[Exercise instructions]
Reproduce only the lines that begin at the line with "第二,在中国所有的网民中,月收入3000元以下的占比57.4%。" and run to the end of the entries; omit every picture.

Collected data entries
──────────

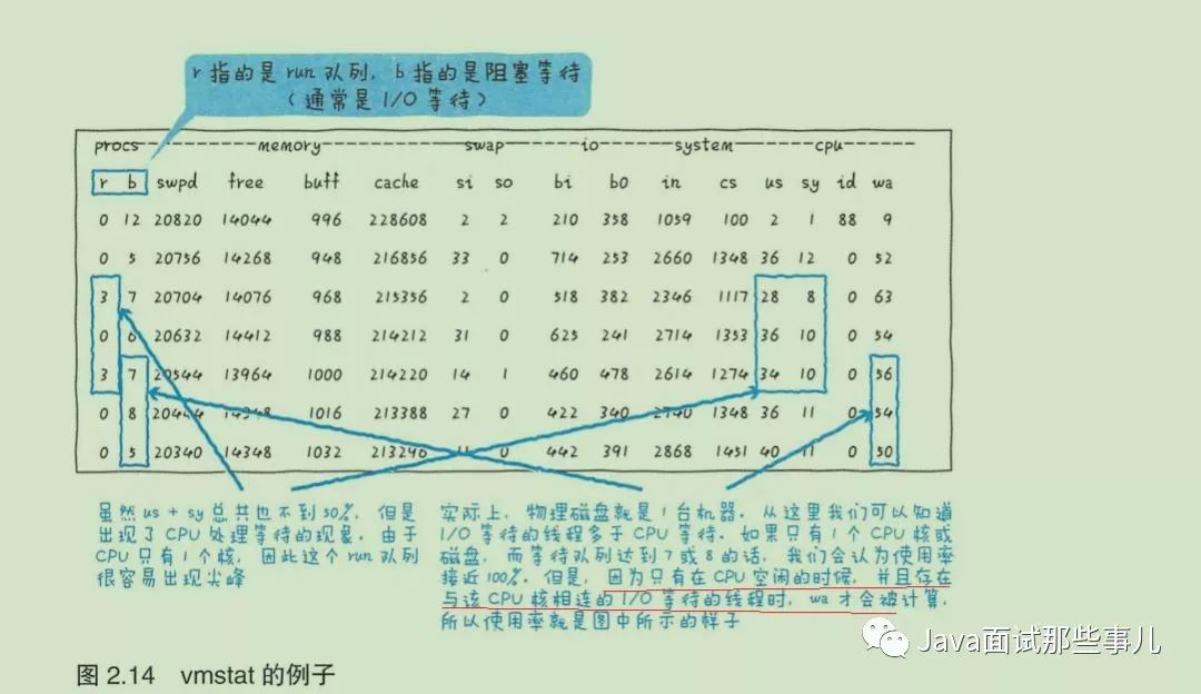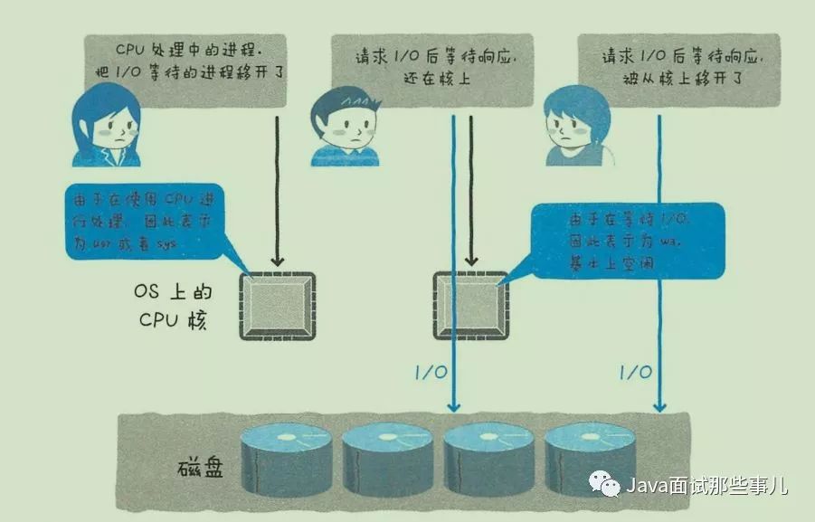 如vmstat中的wa 很高。但IO等待增加,wa也不一定会上升(请求I/O后等待响应,但进程从核上移开了)
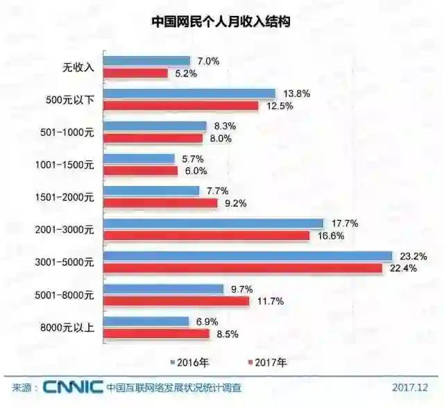 第二,在中国所有的网民中,月收入3000元以下的占比57.4%。
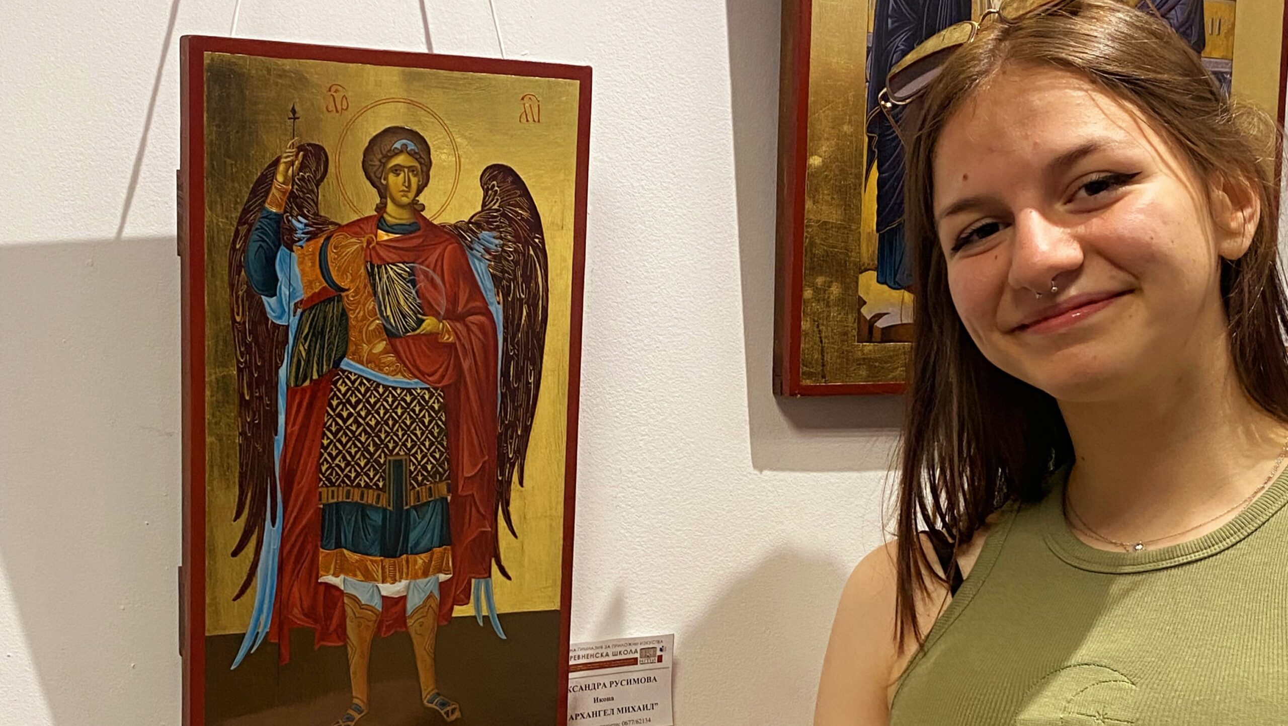 От 361 творби на различни младежи, Александра бе отличена с първо място в Тревненската школа и трето място в цяла България с иконата на Архангел Михаилс 24 каратово златно покритие. Въпреки краткият краен срок, дъщерята на Яна Средкова се е справила повече от перфектно.
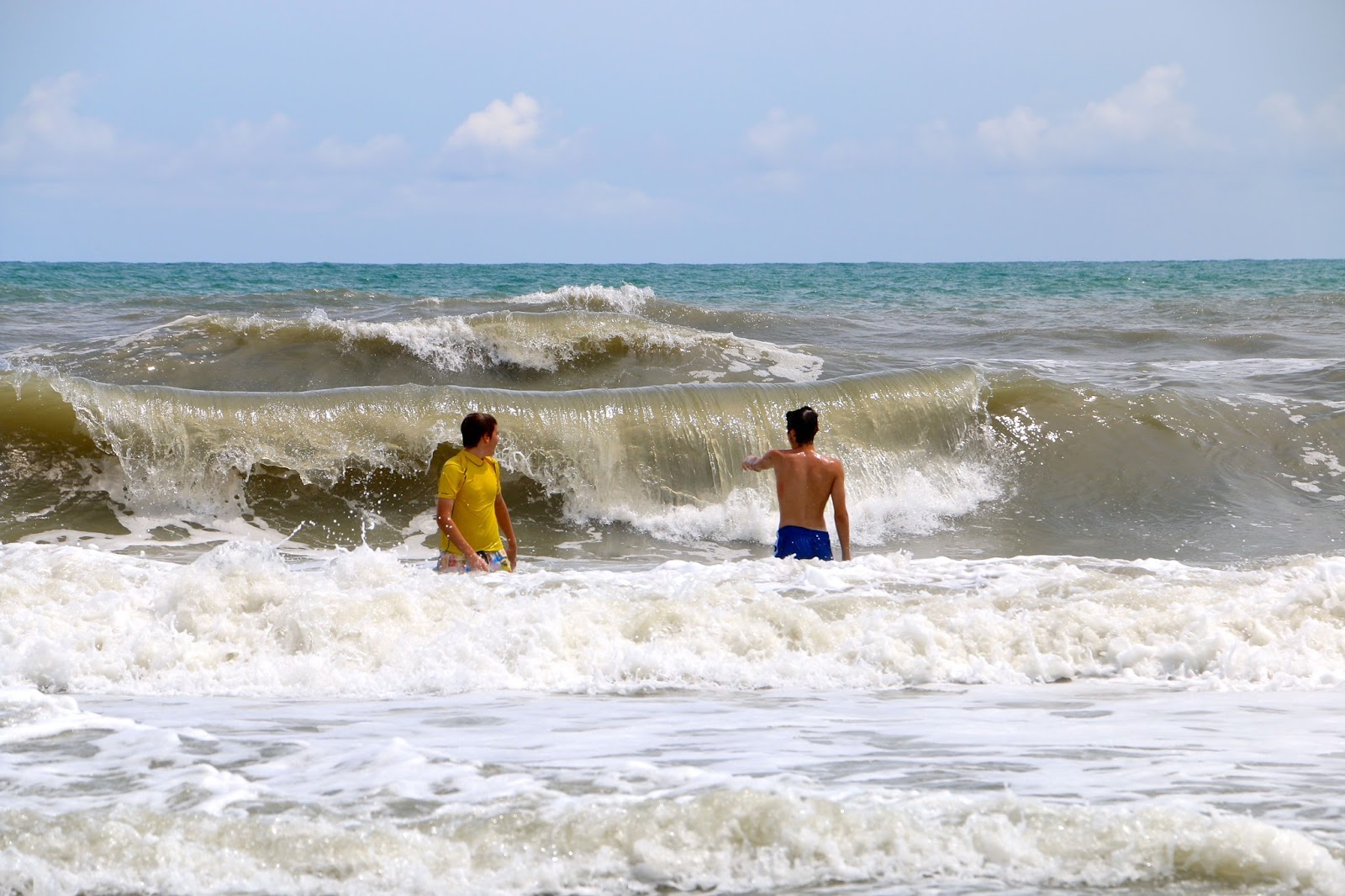 There were some surfer dudes enjoying the waves a little farther down from us.
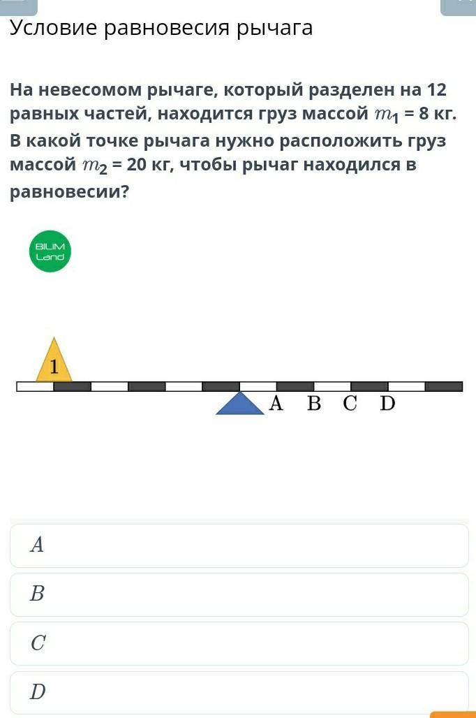 На невесомом рычаге, который разделен на 12 равных частей, находится груз массой m1 = 8 кг. В какой точке рычага нужно расположить груз массой m2 = 20 кг, чтобы рычаг находился в равновесии?

──────────

[Exercise answer]
 第二,在中国所有的网民中,月收入3000元以下的占比57.4%。
 От 361 творби на различни младежи, Александра бе отличена с първо място в Тревненската школа и трето място в цяла България с иконата на Архангел Михаилс 24 каратово златно покритие. Въпреки краткият краен срок, дъщерята на Яна Средкова се е справила повече от перфектно.
 There were some surfer dudes enjoying the waves a little farther down from us.
 На невесомом рычаге, который разделен на 12 равных частей, находится груз массой m1 = 8 кг. В какой точке рычага нужно расположить груз массой m2 = 20 кг, чтобы рычаг находился в равновесии?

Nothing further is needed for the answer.